Schließlich muss man den Überblick behalten in Bezug auf die verschiedenen Begrifflichkeiten. Die neuen SCC müssten nach den Vorgaben der DSGVO eigentlich Standard Data Protection Clauses (SDPC) heißen. Die EU-Kommission nennt sie weiter SCC. Und so nennt sie auch die Vertragsklauseln, die sie parallel als Mustervertrag für eine Auftragsverarbeitung nach Art. 28 Abs. 7 DSGVO veröffentlicht hat (Commission Implementing Decision (EU) 2021/915, 4 June 2021). Nur die sollen gemäß DSGVO wirklich so heißen, haben indes mit Drittlandtransfers nichts zu tun.
Fazit
Im Ergebnis sind die neuen SCC positiv zu bewerten. Mit ihnen gibt es wieder einen klaren Fahrplan zur Rechtfertigung von Drittlandtransfers. Werden die SCC ordnungsgemäß umgesetzt, folgt die Rechtfertigung des Datentransfers direkt aus Art. 46 Abs. 2 lit. c) DSGVO.
Risikofrei ist die Anwendung dabei für die Anwender nicht; sie verlangt ihnen zudem viel Aufwand ab. Insbesondere die Bewertung, ob die Regelungen zum angemessenen Schutz der Betroffenen faktisch eingehalten werden können, ist komplex. Angriffsflächen verbleiben hier zwangsläufig. Aber das ist typisch für das Datenschutzrecht. Die Rechtfertigung von Verarbeitungen jenseits eines Drittlandtransfers mit berechtigten Interessen kann ebenfalls angreifbar sein. Zudem könnten die SCC einen weiteren Hebel für Datenschutzklagen und massenhafte Privacy Litigation bringen. Denn die meisten Regelungen sind drittbegünstigend ausgestaltet und Betroffene haben das Recht, eine Kopie der Unterlagen anzufordern.
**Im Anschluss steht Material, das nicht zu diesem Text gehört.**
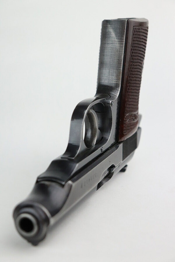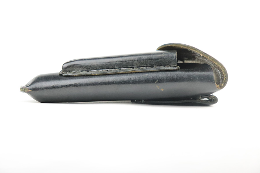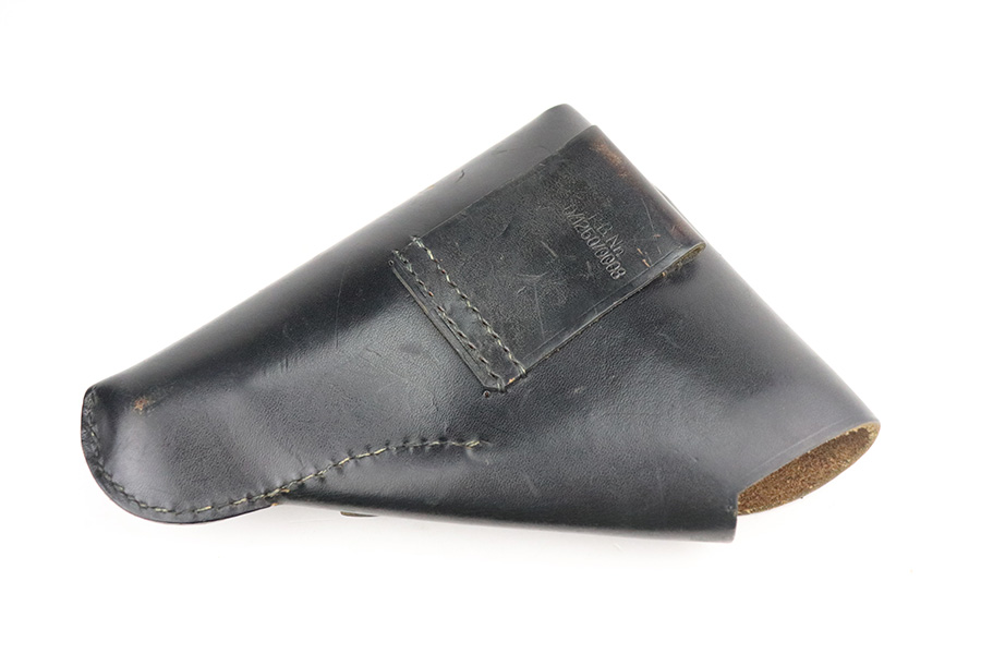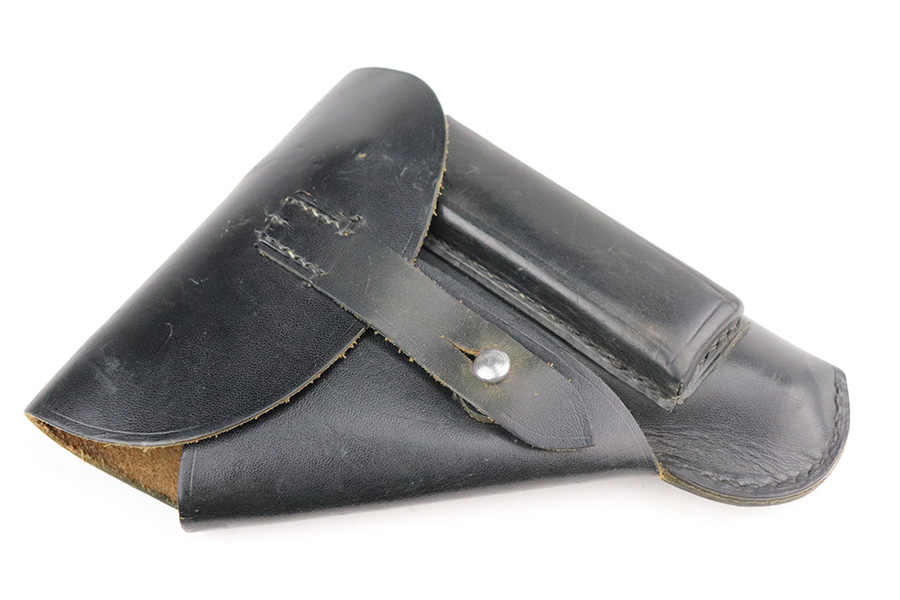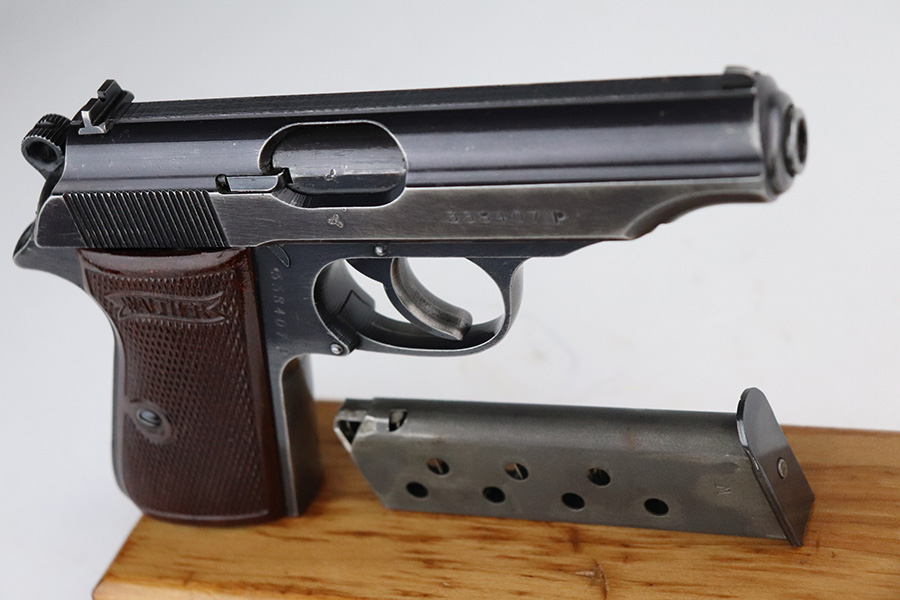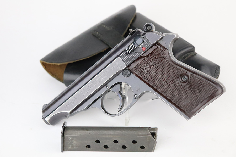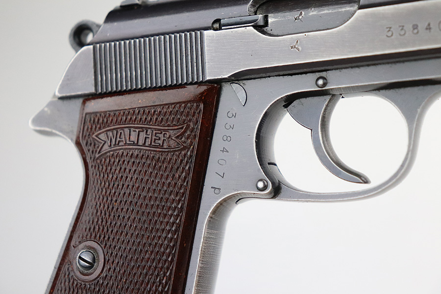 7/19/21 – This is a nice example of a Walther PP issued to the Nazi military in 1944. The gun is all matching and has the proper “Waffen 359” military proofs. It comes with an excellent black leather post-WW2 holster and a rare late-war “W” marked phosphate magazine. The gun has retained roughly 70% of its original finish. Most of the finish loss is on the straps, but there is also wear on the high edges of the slide and around the muzzle. Minor thinning on both sides of the slide. Comes with rare red Walther grips – small scuff on the left side. Mint bore.

Entscheidend ist zur Risikosteuerung aus Anwendersicht, dass das TIA mit klaren und plausiblen Bewertungsparametern durchgeführt wird. In Verbindung mit der Einhaltung der Fristen zur Umsetzung und Überführung von Altverträgen bringen die neuen SCC dann durchaus wieder Verlässlichkeit in internationale Datenflüsse. Zumindest nach DSGVO-Maßstäben.